PROBLEM STATEMENT:
Repeat every line from the line containing "A Prefeitura de" to the end of the data, exactly. Leave the pictures out.

RECORDS FOR PROCESSING:

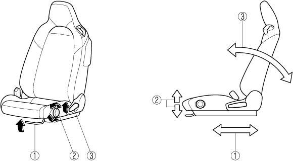 The adjustments for the driving position recommended by Mazda are done using the following procedures.
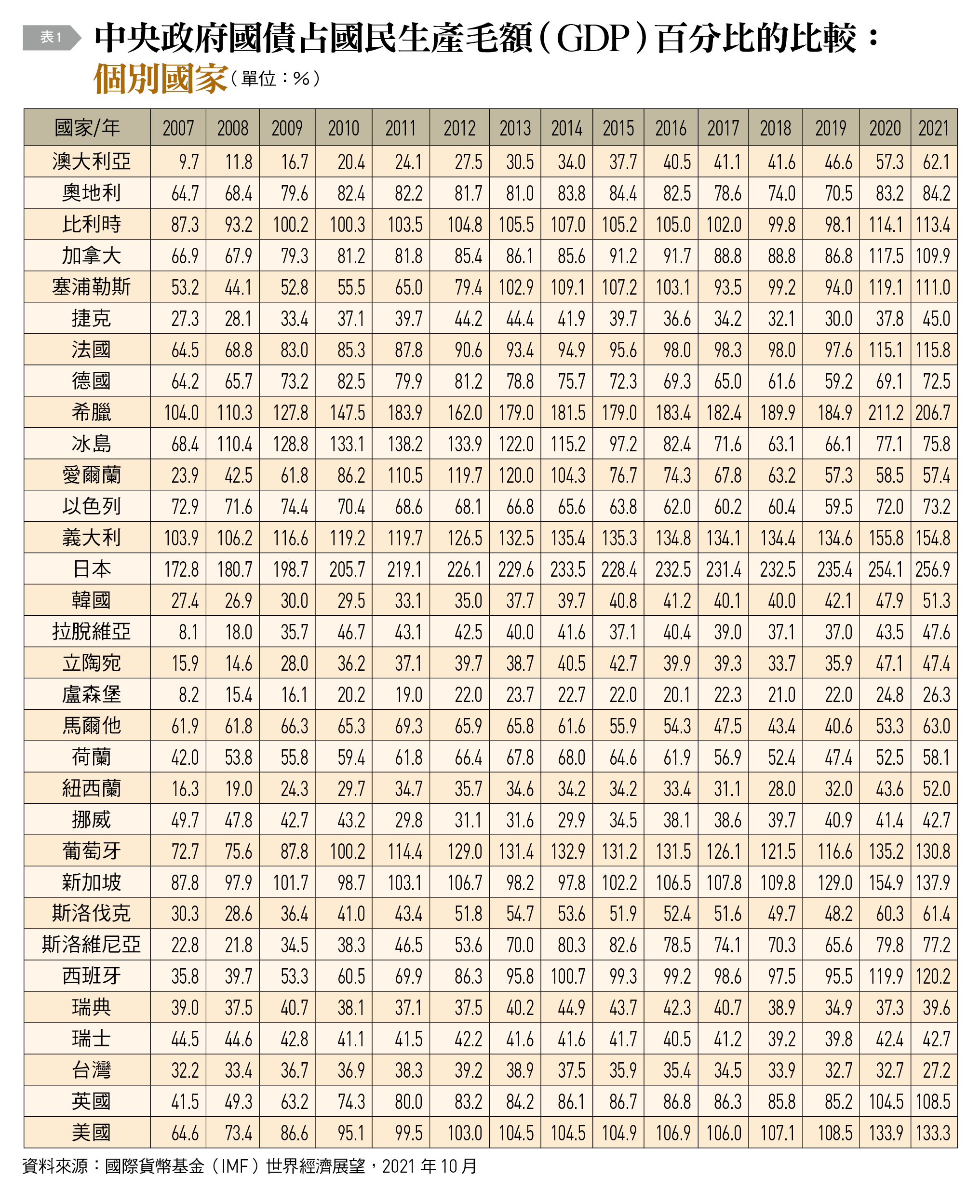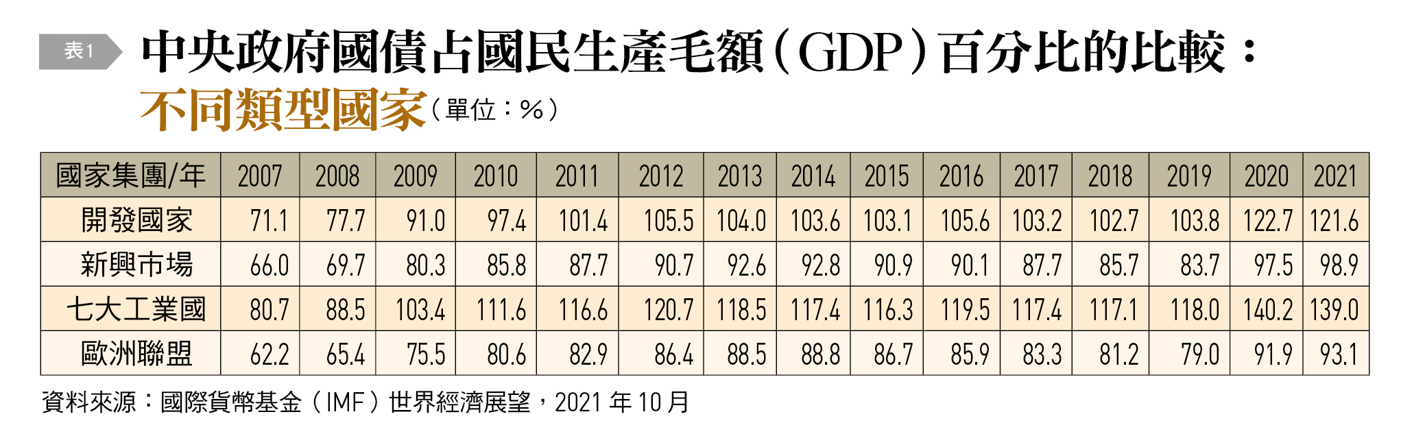以中央政府債務占國民生產毛額(GDP)百分比來衡量政府財務槓桿,〔表1〕顯示,全球政府債臺高築乃冰凍三尺,非一日之寒。根據國際貨幣基金(IMF)估計,2007年至2009年全球金融危機、2010至2015年歐洲金融危機,乃至2020及2021年COVID-19危機所衍生的擴張性財政政策,導致無論是已開發國家或者是開發中國家,政府債務槓桿飆升,僅歐元區和歐盟2010年代後期較之前其債務略微減少。一般而言,已開發國家由於立國時間較久,舉債較為容易,債務槓桿較高。
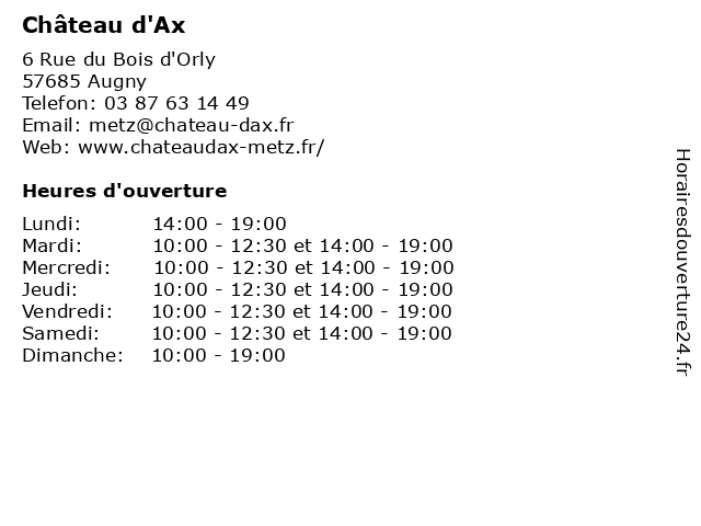 | Samedi | 10:00-12:30 et 14:00-19:00 |
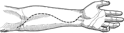 Figure 15-11 Midaxial incision for release of compromised digits in compartment syndrome.
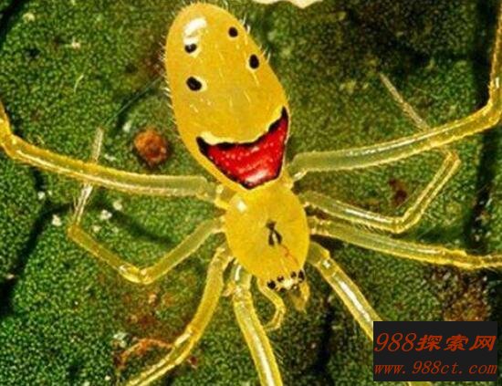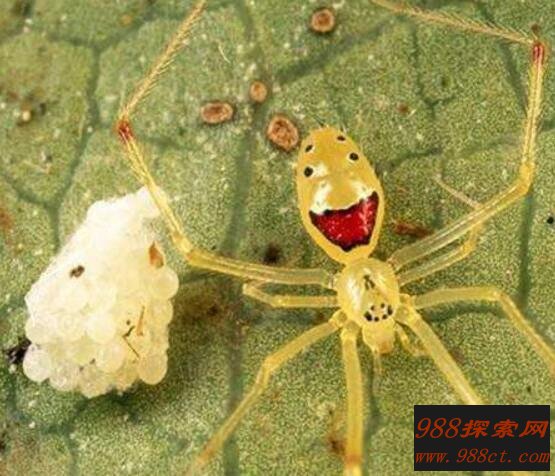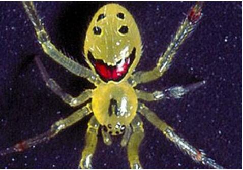 大家看到这种蜘蛛是不是感到非常可爱,没错这就是称之为笑脸蜘蛛。在它的肚子上长有一张微笑人的脸,看见它你的心情似乎变得开朗起来。这种蜘蛛是没有一点毒性的,所以大家可以放心下来。
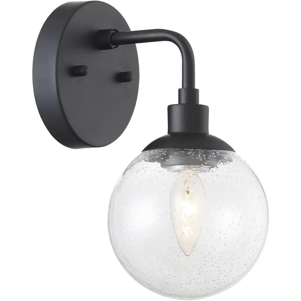 Innovations 341-1W-BK-G124-6 Concord 1 Light 6" Sconce Matte Black. Collection: Concord. Style: Industrial, Modern Contempo, Restoration-Vintage, Transitional. Metal Finish: Matte Black. Metal Finish(Canopy/Backplate): Matte Black. Accent Color: Polished Nickel. Material: Steel, Cast Brass, Glass. Dimensions(in): 10.5(H) x 6(W) x 7.5(Ext). Bulb: (1)60W Medium Base Incandescent(Not Included). Maximum Wattage Per Socket: 100. Voltage: 120. Dimmable: Yes. Color Temperature (Kelvin): 2100. Color Rendering Index (CRI): 98. Lumens: 245. Life Expectancy (Hours): 1500. Glass Shade Description: Seedy Concord. Glass Type: Seeded. Shade Shape: Globe/Orb. Glass or Metal Shade Color: Seedy. Shade Material: Glass. Shade Dimensions(in): 6(W) x 5.75(H). Fitter Measurement (Glass or Metal Shade Fitter Size): Neckless with a 2.125" Hole. Canopy Dimensions(in): 4.5(Dia). Backplate Dimenisons(in): 5(Dia) x 0.75(Depth). Mounting Center to Top: 2.5. Reversible (Can be hung with bulbs facing uo or down): Yes. California Proposition 65 Warning Required: Yes. UL and ETL Certification: Damp Location.
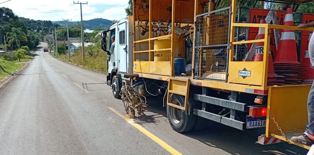 A Prefeitura de Lages intensificou as ações de melhoria na infraestrutura viária com a execução de sinalização horizontal em um dos principais acessos turísticos do município. O trabalho, coordenado pela Secretaria do Planejamento Urbano (Seplam) e realizado com o apoio de caminhão do Consórcio Intermunicipal Serra Catarinense (Cisama), contemplou aproximadamente sete quilômetros de extensão, no trecho que liga desde o acesso pela rodovia BR-282 até a região do Salto Caveiras, na localidade de Santa Terezinha do Salto.
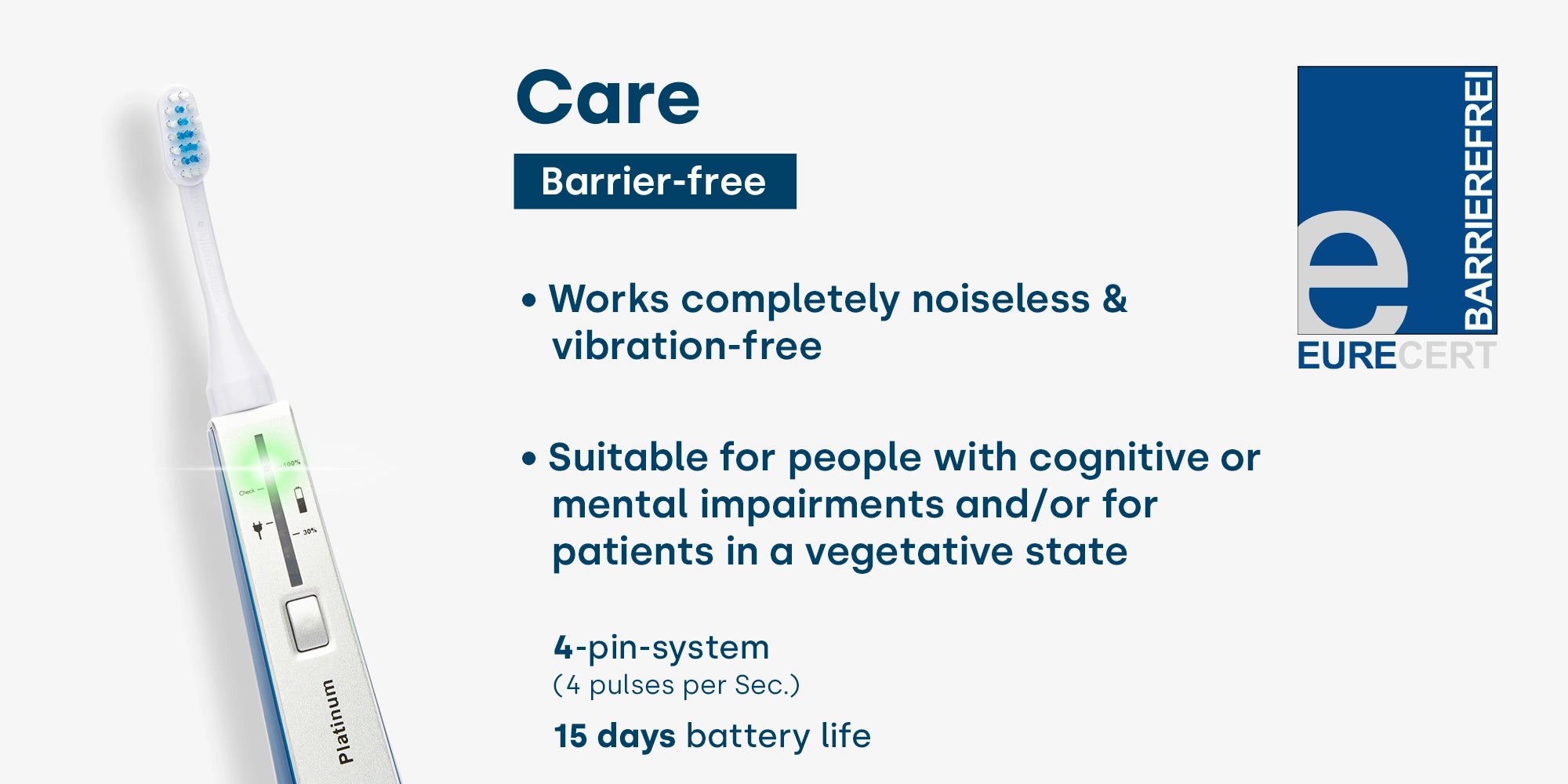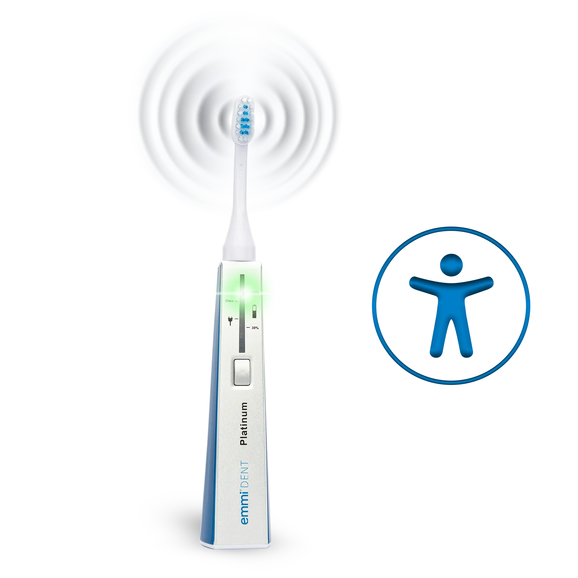 Health begins in the mouth. With our emmi-dent Platinum Care we are revolutionizing daily dental care for people with disabilities or limited mobility . Oral hygiene that is not only impressive in terms of thoroughness, but also in terms of simplicity, accessibility and time savings for caring third parties. Our Platinum Care ultrasonic toothbrush represents the latest ultrasound-based technology.

COMPLETED TASK:
 A Prefeitura de Lages intensificou as ações de melhoria na infraestrutura viária com a execução de sinalização horizontal em um dos principais acessos turísticos do município. O trabalho, coordenado pela Secretaria do Planejamento Urbano (Seplam) e realizado com o apoio de caminhão do Consórcio Intermunicipal Serra Catarinense (Cisama), contemplou aproximadamente sete quilômetros de extensão, no trecho que liga desde o acesso pela rodovia BR-282 até a região do Salto Caveiras, na localidade de Santa Terezinha do Salto.
 Health begins in the mouth. With our emmi-dent Platinum Care we are revolutionizing daily dental care for people with disabilities or limited mobility . Oral hygiene that is not only impressive in terms of thoroughness, but also in terms of simplicity, accessibility and time savings for caring third parties. Our Platinum Care ultrasonic toothbrush represents the latest ultrasound-based technology.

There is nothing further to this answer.